# Why don't cosmological observations tightly constrain cross-sections for direct detection of dark matter?

A reasonably recent review of dark matter detection is given by Liu et al., 2017, https://arxiv.org/abs/1709.00688 . I've reproduced their figure 1 below.

The cross sections on this graph span 13 orders of magnitude, which is a vast range. My question is why the observed mean density of dark matter in our universe doesn't allow this to be constrained to within about a factor of 10. The graph assumes that dark matter consists of WIMPs. Dark matter has to be produced in the early universe when the temperature was comparable to the mass, and I would imagine that this production mechanism would be one in which quarks or leptons interacted via the weak force to produce WIMPs. I would think that, given the mass, the cross-section $$\sigma_p$$ for this production process would be fairly tightly constrained by the need to produce the amount of dark matter that we actually seem to have. So based on my naive/fuzzy understanding of field theory, there should also be an inverse process in which a WIMP is absorbed by baryonic matter, and this absorption process should have a cross-section $$\sigma_a$$ which is closely related to $$\sigma_p$$.

Why, then, don't we have a narrow diagonal strip running across this diagram that is consistent with cosmological observations?

Because the details depend on the exact nature of the dark matter, which is unknown. For more complex models, there are additional free parameters that can vary and smear out an otherwise narrow prediction.

To elaborate: The WIMP is a special case of a "thermal relic particle". Thermal relic particles have been in thermal equilibrium at some time in the early universe, i.e. they constantly got produced and annihilated again in interactions with the thermal bath. (Protons and neutrons are also thermal relics). At some point the universe cooled and these particles dropped out of thermal equilibrium. At that point, their abundance is said to be "frozen out". The exact time of this freeze-out is set by the (thermally averaged) annihilation cross-section. Thus, from astrophysics, once you know the abundance of your dark matter particle (e.g. if you say it makes up 100% of the dark matter), and you know its mass, the annihilation cross-section is known exactly.
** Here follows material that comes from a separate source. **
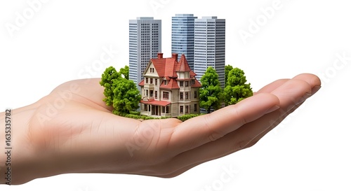 house, hand, miniature, skyscraper, city, urban, development, real estate, investment, property, building, architecture, modern, traditional, sustainable, future, concept, studio shot, construction, residential, commercial, home, apartment, palm, tree, growth

See e.g. Figure 5 of this paper, the ball park being $$<\sigma v> \sim 10^{-26}$$cm$$^2$$ cm/s.

Your plot however does not show this annihilation cross-section, but the scattering cross-section. They are different things, but related by what is called crossing symmetry:

Shown is crossing symmetry in the context of thermal relic particles $$\chi$$ and their interaction with the Standard Model (SM, and also with some specific examples relevant to experiment) In Feynman diagram language that's just to say that you can rotate any Feynman diagram any way you like and still arrive at a valid diagram. Scientists try to exploit this: For any thermal relic particle, by assumption, the red ("make it") and blue ("break it") diagrams exist. They are being searched for by collider experiments (red) and so-called indirect searches for dark matter (blue). What your question refers to is the third leg, the so-called direct detection of dark matter, with the approach ("shake it") shown in green.
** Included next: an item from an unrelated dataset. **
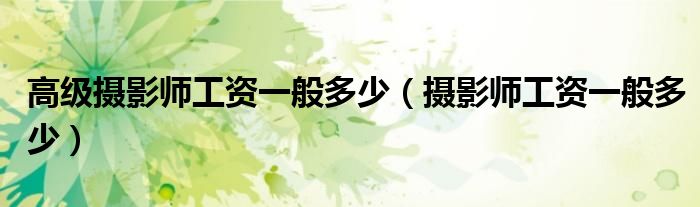 大家好,小晋来为大家解答以下问题,关于高级摄影师工资一般多少,摄影师工资一般多少很多人还不知道,今天让我们一起来看看吧!

If you have a very specific model, then the cross-section for this third diagram can be calculated for a given annihilation (blue) cross-section. See e.g. Figure 3 from this paper for a specific example:

This is what you were wondering: Indeed, for a very simple model, you can get predictions that are very well-defined, such as the blue line in that plot. The limits and the neutrino signal also appear in your plot.
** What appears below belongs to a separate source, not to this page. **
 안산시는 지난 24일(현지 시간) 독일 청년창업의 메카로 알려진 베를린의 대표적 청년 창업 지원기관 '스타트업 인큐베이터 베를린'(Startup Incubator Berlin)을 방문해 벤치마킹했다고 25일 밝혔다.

However, nature rarely is that simple, and this model has been written down specifically as an example of a minimal extension. The "singlet scalar model" is another example with similar results. Typically though scientists work on more comprehensive models, in which case there are more parameters that can be tuned. This in turn results in much broader blobs in the expected parameter space. The "mSUSY constraint" shown in your plot in green is one such example.